Sunday, April 8, 2018

Thing 19: Podcasts

Task
Option 1 – Listen to, subscribe, rate and review a podcast of your choice. This includes subscribing to the podcast through a podcast app (apple or android) rating and reviewing the podcast via the app and then writing a short review of the experience and the podcast on your Rudai23 blog.

A friend recommended a podcast called On Being with Krista Tippett, described on  https://onbeing.org/series/podcast/ as "The groundbreaking Peabody Award-winning public radio show and podcast. Conversation about the big questions of meaning in 21st century lives and endeavours — spiritual inquiry, science, social innovation, and the arts. Each week a new discovery about the immensity of our lives. Hosted by Krista Tippett."

I downloaded the podcast app to my iPhone in December 2016, and I have been listening to the weekly episodes regularly ever since. I rated the podcast 5* and I wrote a review on it on the iPhone app store. The review hasn't appeared yet, maybe it has to be passed by a moderator first. 

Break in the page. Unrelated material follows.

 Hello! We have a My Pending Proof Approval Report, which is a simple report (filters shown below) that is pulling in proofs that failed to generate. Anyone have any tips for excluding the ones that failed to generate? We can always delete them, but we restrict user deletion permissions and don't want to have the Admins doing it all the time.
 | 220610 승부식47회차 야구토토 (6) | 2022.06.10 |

The experience of using the podcast app has been trouble-free, and easy to use. There is also a searchable website associated with the app and a blog.

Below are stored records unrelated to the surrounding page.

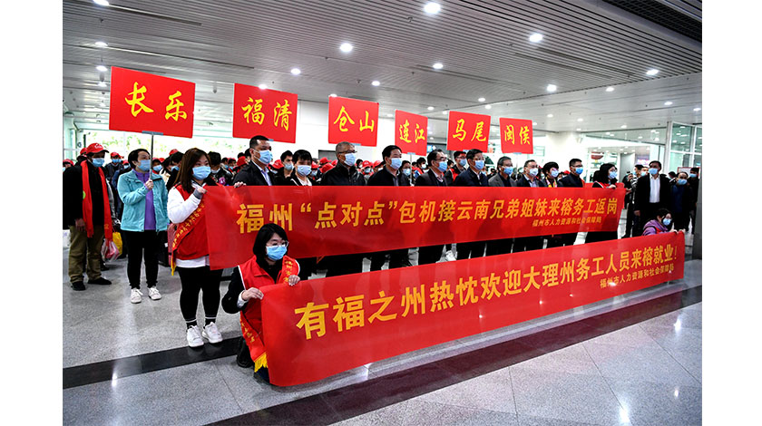 19日,來自雲南省的170名外來務工人員經過核酸檢測後,乘坐免費包機抵達福州。這是牛年春節後,福州市首趟『點對點』包機運送中西部地區農民工返榕復工。圖為福州市相關部門和用工企業到機場歡迎外來工返崗復工。(中新社記者 王東明 攝)
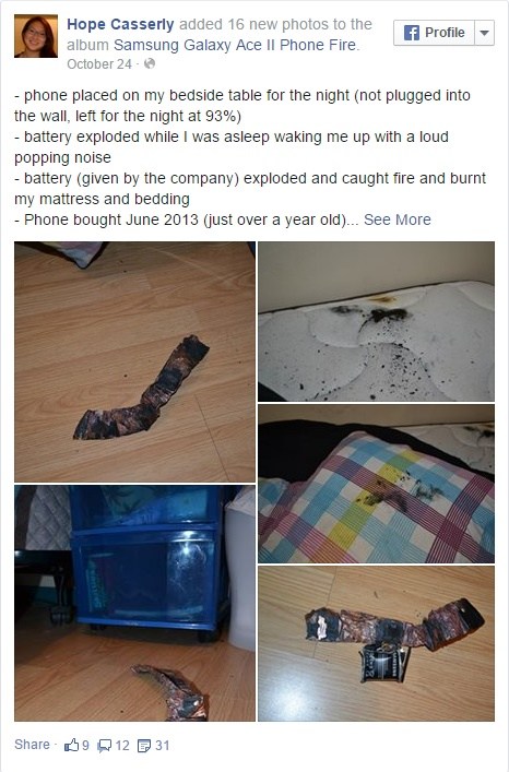 Sau khi sự việc xảy ra, người đại diện của Samsung đã phát biểu trên CBC rằng, trong quá trình xem xét chiếc điện thoại đã phát nổ, Samsung đã phát hiện ra Hope Casserly sử dụng một viên pin không chính hãng. Tuy nhiên, ngay lập tức Casserly đã bác bỏ thông tin này và khẳng định rằng cô chưa hề thay đổi pin của chiếc điện thoại từ lúc mua tới lúc phát nổ.
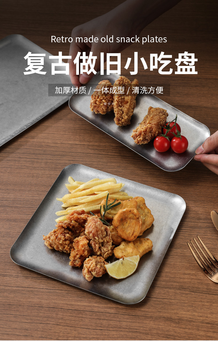 304 스테인레스 스틸 빈티지 골동품 눈송이 회색 산업 스타일 야외 캠핑 트레이 직선 가장자리 트레이 얕은 접시 바베큐 팬
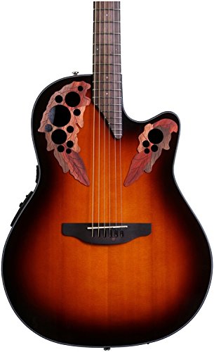 The Celebrity Elite series is your first step into the world of Ovation’s classic multi-soundhole instrument design, with first-rate sound, design, features and value.The Celebrity Elite CE44-1 guitar has the classic mid-depth Lyrachord cutaway body with a solid spruce top featuring the Elite multisoundhole design, which provides clear highs and focused, balanced bass response. For the top’s quartersawn scalloped “X” bracing, we reviewed earlier Ovation bracing patterns extensively and arrived at a remarkable new design that borrows from the past and is voiced for the present, with natural tone and optimal response and power. Together, body, top and sound holes create the classic Ovation Elite sound, resonating with full projection, remarkable note clarity and balance, and nuanced tonal complexity. The top also has elegant multi-wood epaulets, black binding and a beautiful Two-color Sunburst gloss finish.

The podcast itself is excellent and well worth the time spent listening to it. The host Krista Tippett holds a conversation with a different guest speaker or speakers every week. The episodes last approx. 1 hour or less. All the episodes are searchable on the website and app going back to when they started in 2001. The archive offers a great selection. They are always interesting, intelligent, thoughtful speakers and the conversations always make me think about new things, or think about things differently. They very often refer to books or poems or authors, and have often directed me to interesting reading. Because it is American based, it is a little American-centric, but her guests have also included Irish poets John O'Donohue, Michael Longley, and Padraig Ó Tuama, and an Austrian theologian Br. David Steindl-Rast, among many other international contributors.  I would recommend it to anyone interesting in thinking about our world and learning more about "spiritual inquiry, science, social innovation, and the arts".